Dancing Queen est la métaphore d’une époque fastueuse dans la vie de ses personnages. Silvain et Victor sont les béquilles de Marc, tandis qu’Otilia, Angela et Zoé sont plutôt les cailloux lancés vers Sonia, menaçant son rôle de Dancing Queen. La tromperie de la réalité communiste par l’art, la musique rencontre le réveil dans la réalité globale illusoire : „-Beaucoup de femmes n’ont pas eu le choix. Regarde celles qui ont reussi en ce pays. Elles sont presque toujours la fille l’epouse, l’amante de quelqu’un. (…) – On n’est plus là, dit elle (…) – On sera toujours là, ici et ailleurs, dit Sonia plus calmement.”
Le sous-texte culturel sur lequel Felicia Mihali mise dans ses romans est la présentation des traditions roumaines, des coutumes culinaires expliquées dans leur contexte afin d’éduquer un éventuel lecteur étranger qui pourrait comprendre la logique de certaines manifestations: „-Je pense qu’Otlia s’en occupe, si tu as peur que mon père entre le ventre vide dans l’au-dèla. Et Angela, n’en parlons pas! Elle est une véritable experte des colivas et colacs.” Ainsi, l’auteure éduque en même temps à la connaissance de la culture roumaine à travers des scènes spécifiques, qu’elles soient d’un naturel rural ou d’un sens urbain sophistiqué. Impossible de passer à côté de l’histoire de la Roumanie actuelle, Felicia détaille en profondeur toute l’histoire de sa culture: „Les gens voulaient oublier le présent en se réfugiant dans le passé glorieux des ancêtres, ce que les manuels d’école leur ont appris pendant quelques 50 ans de régime communiste, une vision historique que l’école actuelle n’essayait pas de rectifier.(…) Zoé montre un pays qui ne sait pas admettre ses erreurs.”

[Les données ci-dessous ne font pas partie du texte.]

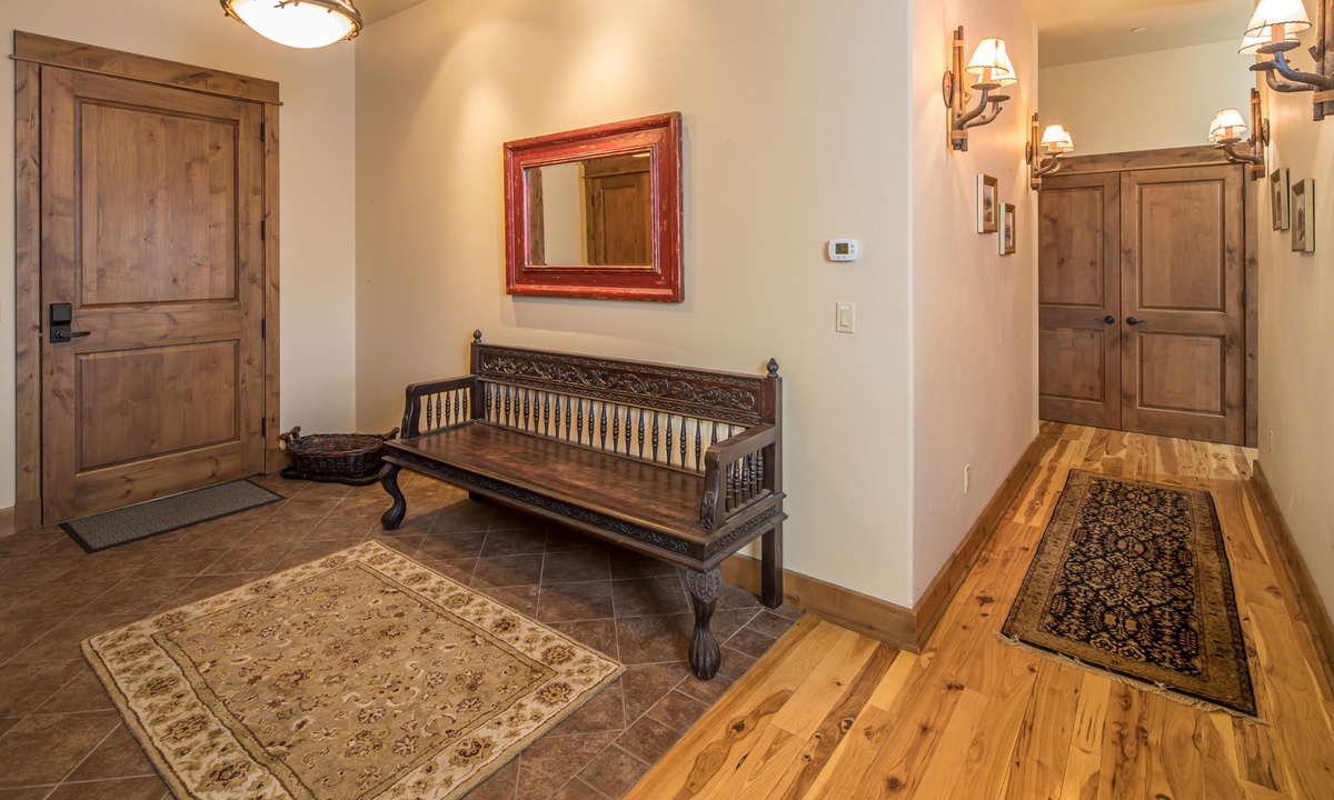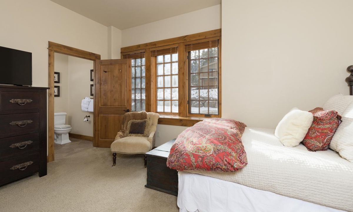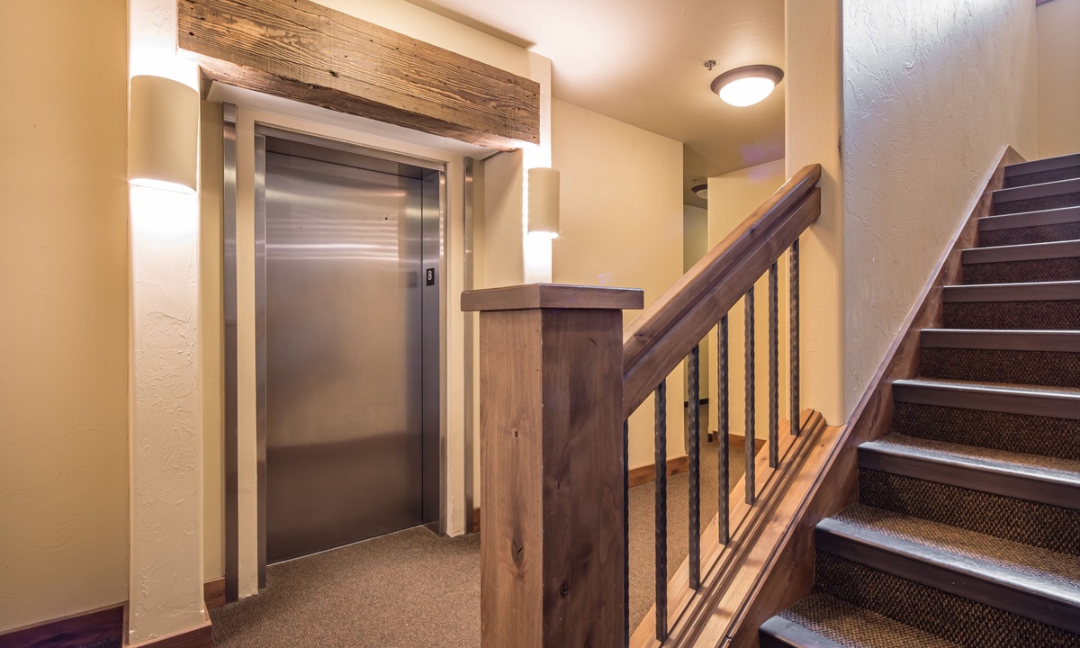Access is located out the front door on the main level (with main level ski locker next to front door). A 10 yard walk out the front door to the right, and you are on your skis. Proceed on Bear Paw access trail about 50 yards to junction with Natawista run. Run has good pitch (snowboard friendly) all the way down to Madison Base Area and the Six Shooter lift.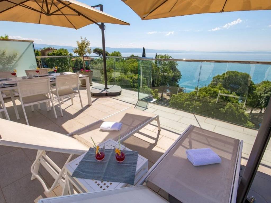 Lovran, prodaja luksuznog dvoetažnog apartmana površine 144,43 m2, s pogledom na more, 50 m od plaže. Apartman se sastoji od prvog kata s dnevnom sobom s kuhinjom i blagovaonom, spavaćom sobom, kupaonicom, toaletom i hodnikom te drugog kata s spavaćom sobom, radnom sobom, kupaonicom i terasom od 8 m2. Visoko kvalitetna gradnja i oprema, klimatizacija, zajednički unutarnji grijani bazen, parkirno mjesto. Mirna lokacija.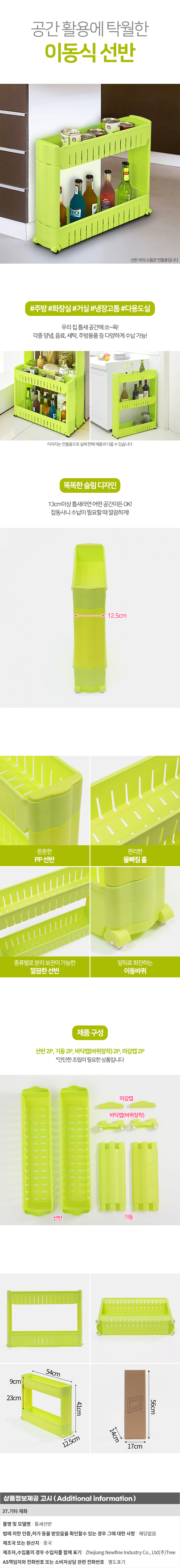 공간활용 2단 이동식 틈새선반 거실 침실 바퀴트롤리 이미지/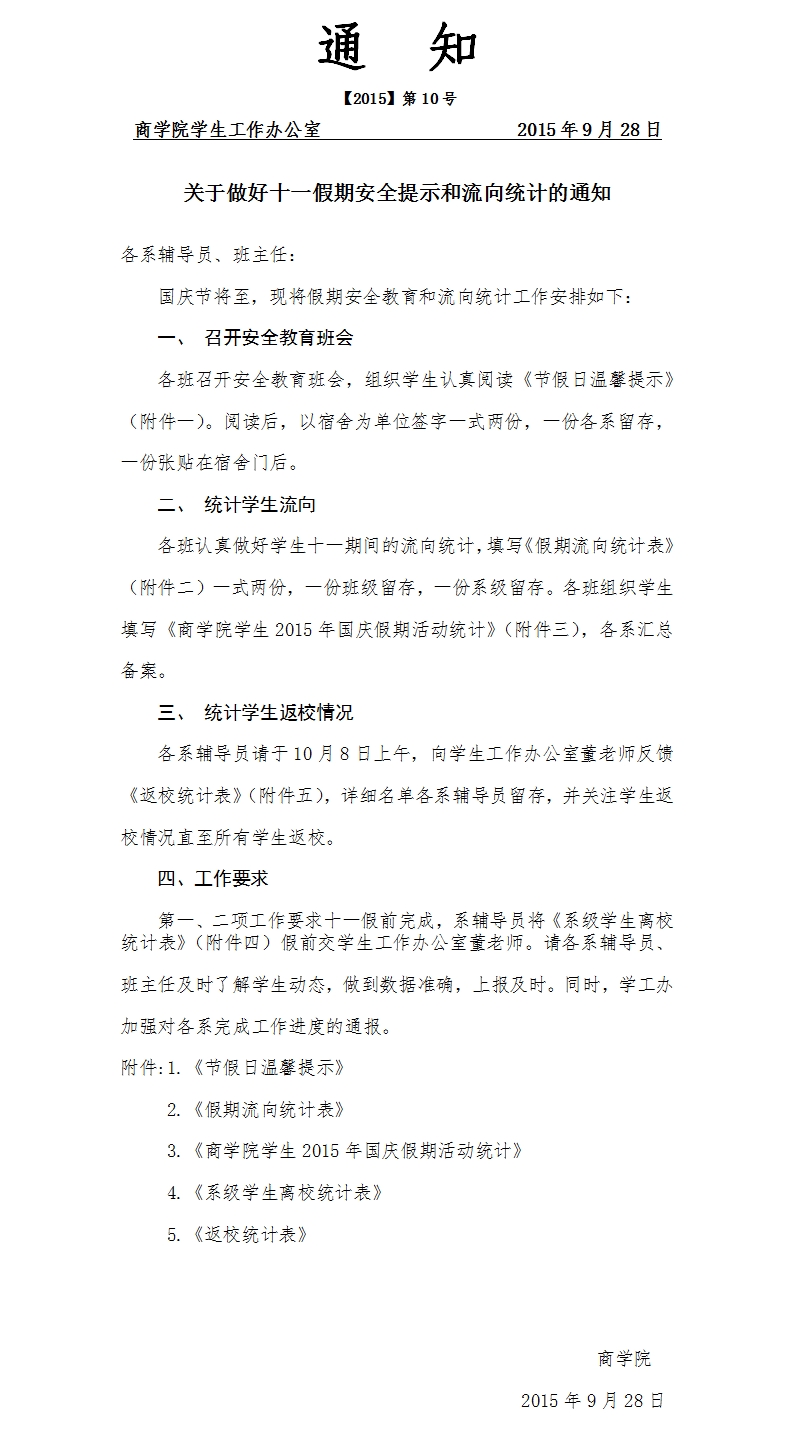 附件一《节假日温馨提示》附件二 《假期流向统计表》附件三《商公司员工2014年十一假期活动统计》附件四《系级员工离校统计表》附件五《返校统计表》

Sonia nous amène dans le bon Bucharest d’antan, chez Craii de Curtea Veche ou sur Lipscani, son voyage pour quelques ingrédients bouilli des détails culturels. En plus du côté culinaire, il y a la comparaison avec les étrangers, comme Sonia est devenue maintenant, trop souriante, comme si elle n’appartenait pas à ce lieu dont elle y appartenait une fois. Le final nous offre un alter ego pour Sonia, une sorte d’externalisation de son discours philosophique. Ne sachant pas encore ce qu’elle fera de l’appartement hérité, Sonia plonge encore une fois dans le rêve canadien, lui aussi source d’une adaptabilité.